# long time lurker first post



## jay1365 (May 22, 2013)

Hi,
I was going to comment on another thread but thought I should introduce myself first. I am a 48 yr old male married for 25 yrs, two great kids, nearly sexless since second child born. 

I certainly don't have THE answer, but with much persistence things are turning around. 

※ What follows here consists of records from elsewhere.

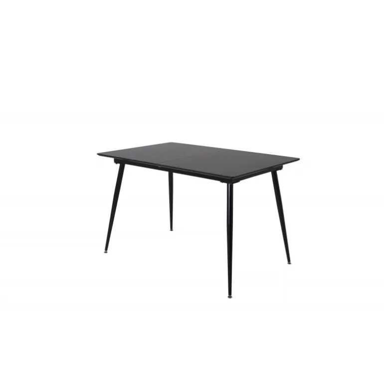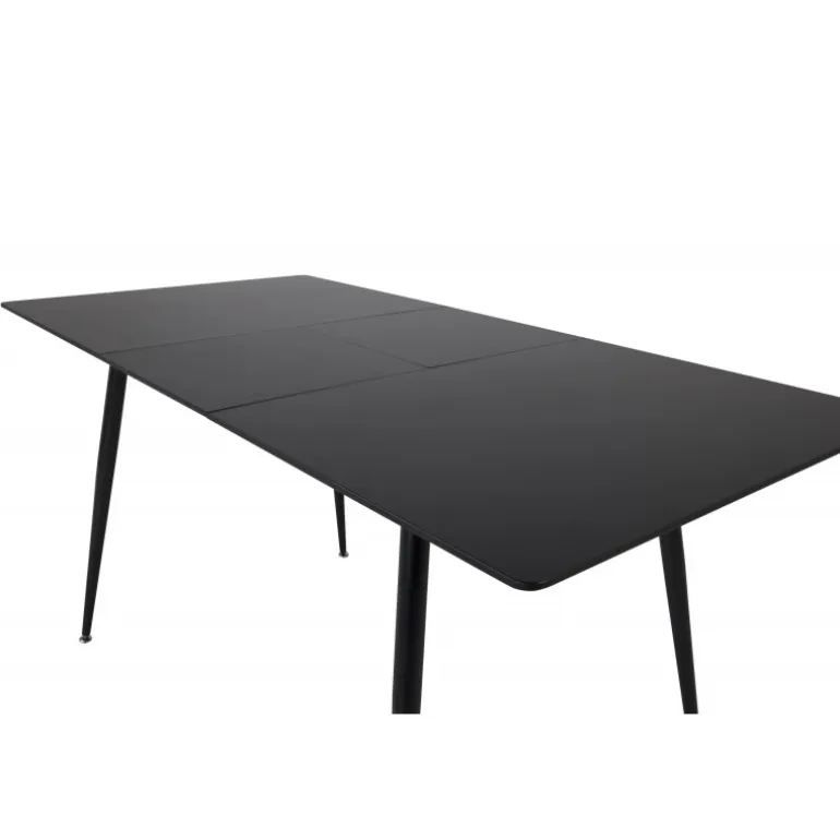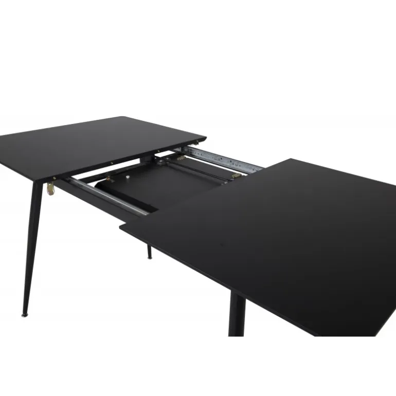 - Udtræksspisbord i sort, der kombinerer MDF og metal
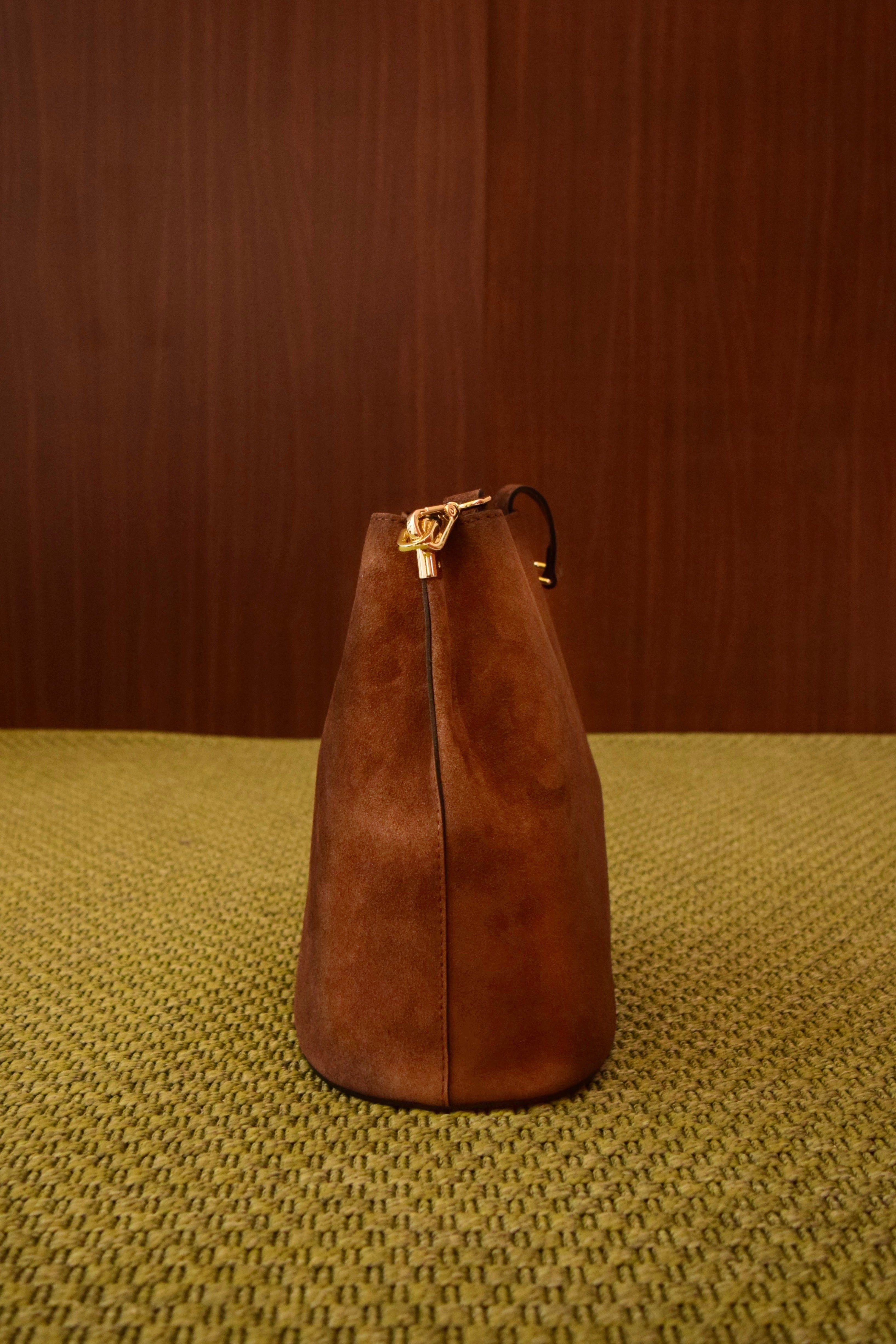 Borsa a secchiello in vera pelle color cuoio chiaro
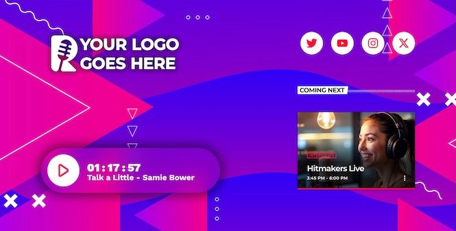 A bold splash-style header with a vibrant color background, station logo, social media icons, and an integrated player. This section works great as a homepage hero or landing intro, making it easy for listeners to recognize your brand and start listening instantly.
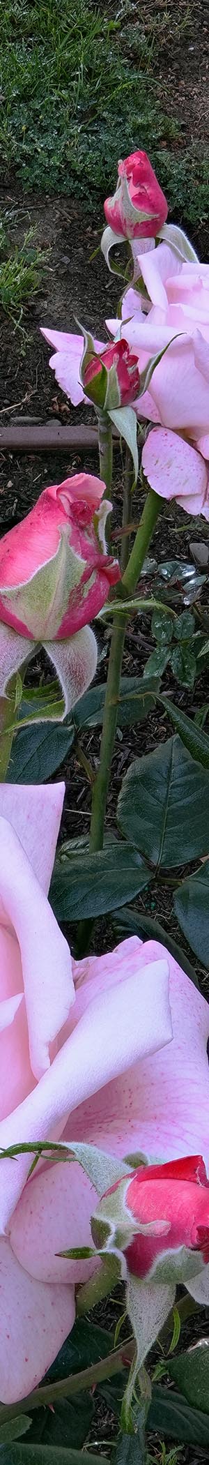 Worked on Wednesday May 1, 2024 Violet's Pride cultivar roses from a lens vertical angle at SJMRG plot 5.
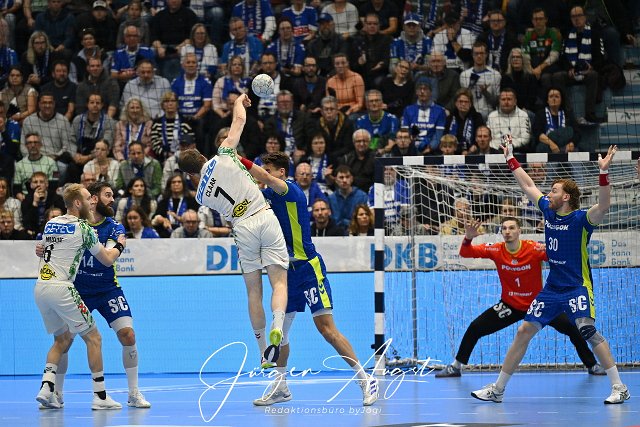 Felix Claar (SC Magdeburg 7) gegen Julian Koester (VfL Gummersbach 7) VfL Gummersbach vs. SC Magdeburg, Handball, Daikin 1. Bundesliga, 17. Spieltag, Spielzeit 2025-2026, Schwalbe Arena Gummersbach, 14.12.2025 Foto: Eibner-Pressefoto/Juergen Augst | ||
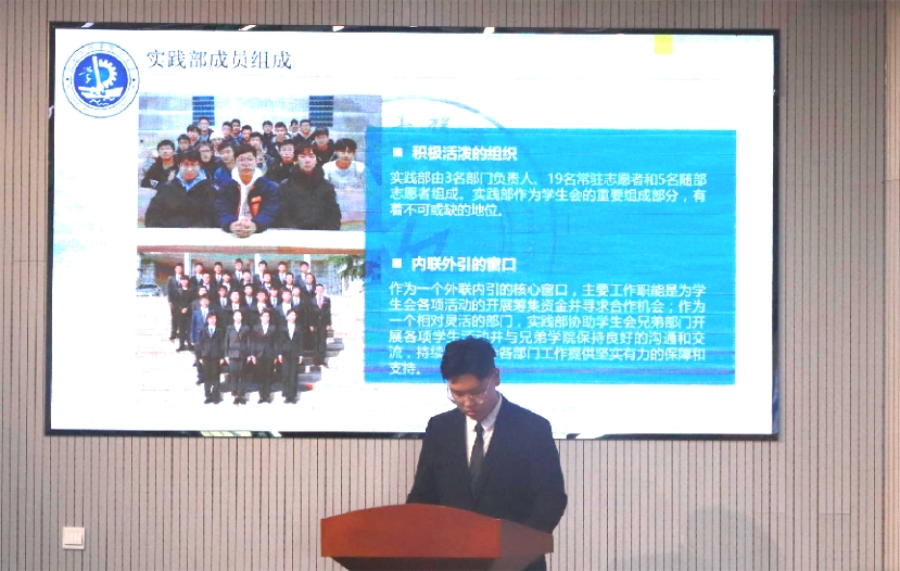 会议第二阶段,为全面落实2021-2022学年第一学期pg娱乐电子游戏学生会的工作开展情况,各部门负责人针对各部的工作情况面向学生会全体成员和老师进行学期工作汇报。
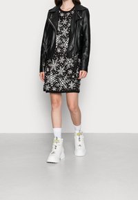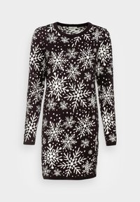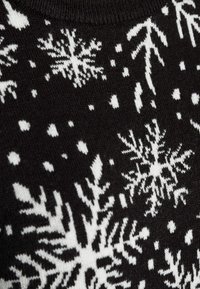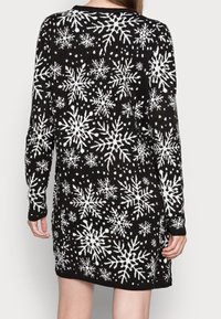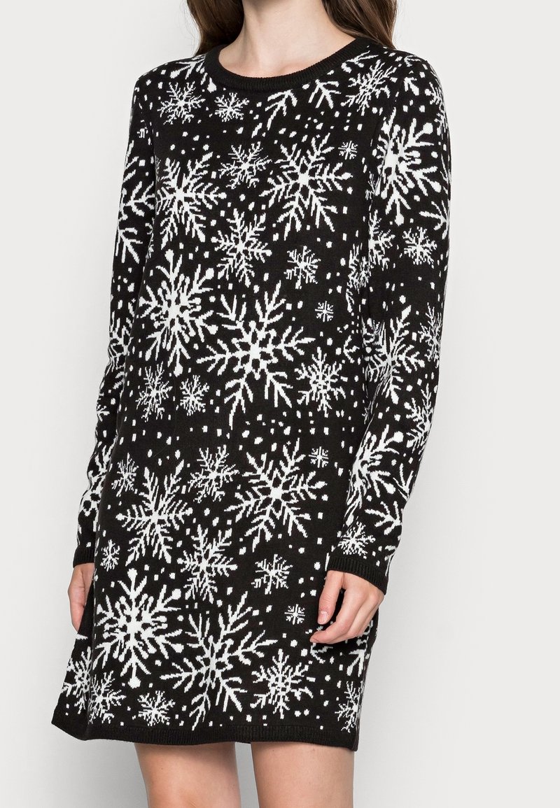 Robe en tricot noire à manches longues avec des motifs de flocons de neige blancs portée par une personne, montrée des épaules jusqu'au milieu des cuisses.
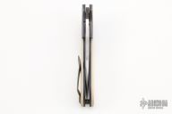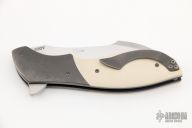 This Vanquish flipper from Jeremy Marsh features a hand rubbed satin finished blade with notched thumbrest and a flipper. The handle has tumbled titanium bolsters, ivory paper micarata scales, anodized and bead blasted titanium liners, tumbled titanium tip up clip. Nice detent, lockup and blade seating. Has some scuffs and scratches, has a small pitted spot underneath the makers mark, otherwise good condition.
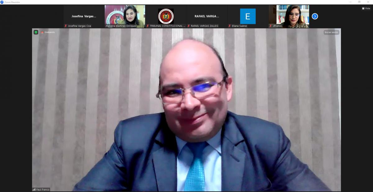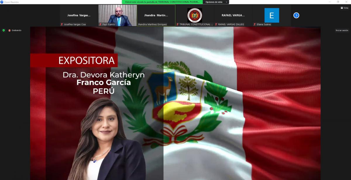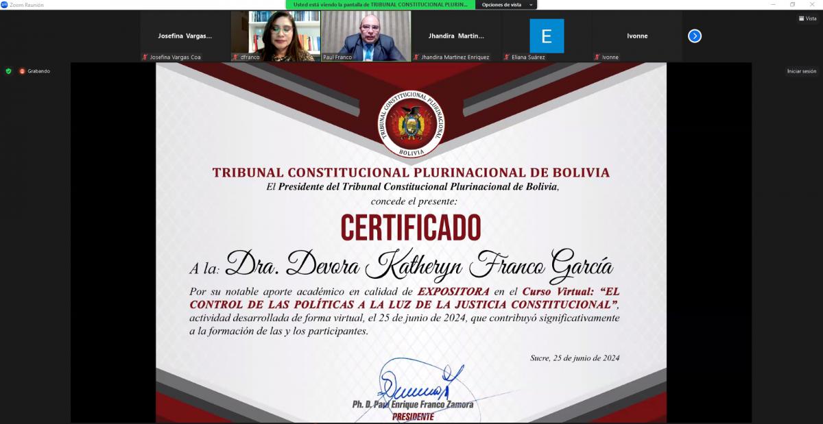 Dando continuidad al Ciclo de Actualización Jurídica interna, el Tribunal Constitucional Plurinacional de Bolivia (TCP), realizó el curso virtual: “El Control de las políticas públicas a la luz de la justicia constitucional”, con la participación de la Magíster Devora Katheryn Franco García, Miembro de la Asociación Colombiana de Derecho Procesal Constitucional, de la Red Mundial de Justicia Constitucional y de la Academia Jurídica Defendiendo la Libertad.
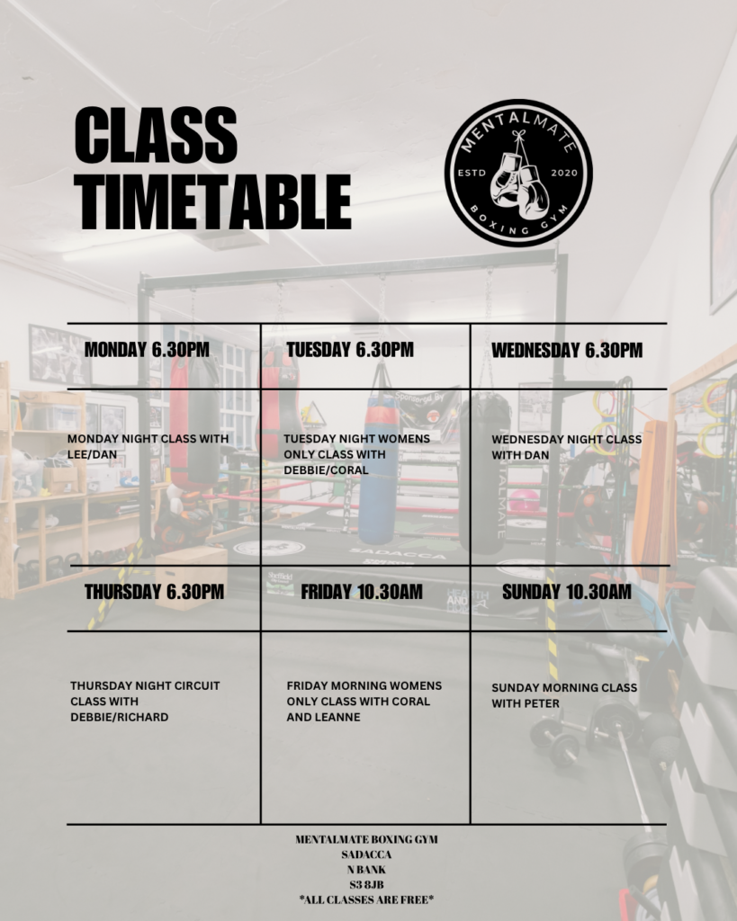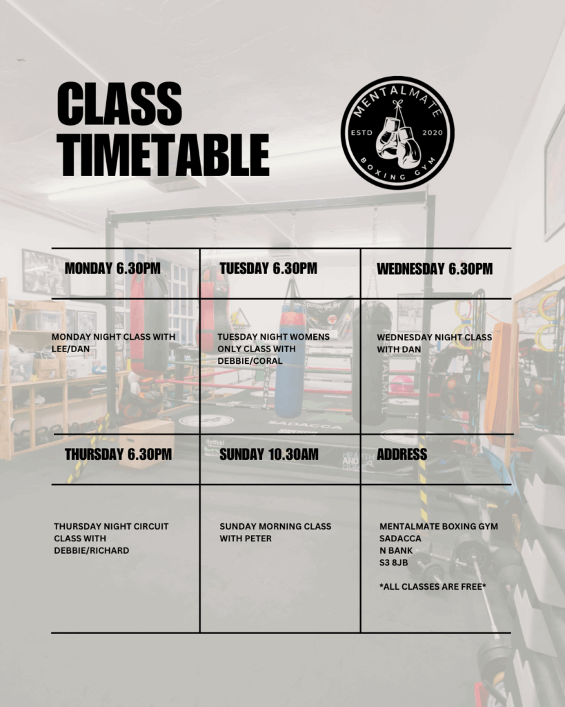 Everyone should have someone to talk to. It sounds so simple, yet so many people don’t have that, which is where Mentalmate comes in! We are building a group of mental mates through boxing down at the Mentalmate Boxing Gym in the Wicker area of Sheffield 6 times per week. We have found that it is much easier to talk and discuss your feelings whilst exercising, if attendees do not wish to talk then that’s fine but it’s nice to know that you are surrounded by people who are all there for the same reason.

I know all about the slow withdrawal of all things sexual and intimate. I know first hand the pain of the "for sure tomorrow nights" that never come. The rules. OMG so many rules. Only in the bedroom. At night. Don't do this, can't touch that, would NEVER do that, no kissing, no "marathon" sex, no quickies, etc. I know the bait and switch. I know the frustration of refusing to even talk about it, the ANGER when they are forced to talk about, the Eskimo pj's, undressing in the closet, the endless excuse list, etc etc 

This beautiful sensual giving girl I married had almost overnight turned into a frigid, nagging, *****y old woman. 
The 
Getting into traffic. More later. To all the young guys, there is hope, but it is not easy. I nearly lost everything including my sanity, battled addiction, depression, an affair (mine) , etc.
_Posted via Mobile Device_


----------



## Trying2figureitout (Feb 3, 2011)

jay1365 said:


> Hi,
> I was going to comment on another thread but thought I should introduce myself first. I am a 48 yr old male married for 25 yrs, two great kids, nearly sexless since second child born.
> 
> I certainly don't have THE answer, but with much persistence things are turning around.
> ...


Awesome... lets hear what steps actually helped. Congrats.


----------



## Toffer (Jan 31, 2012)

you're preaching to the choir here!

Feel free to vent. there are alot of us here (Unfortunately)


----------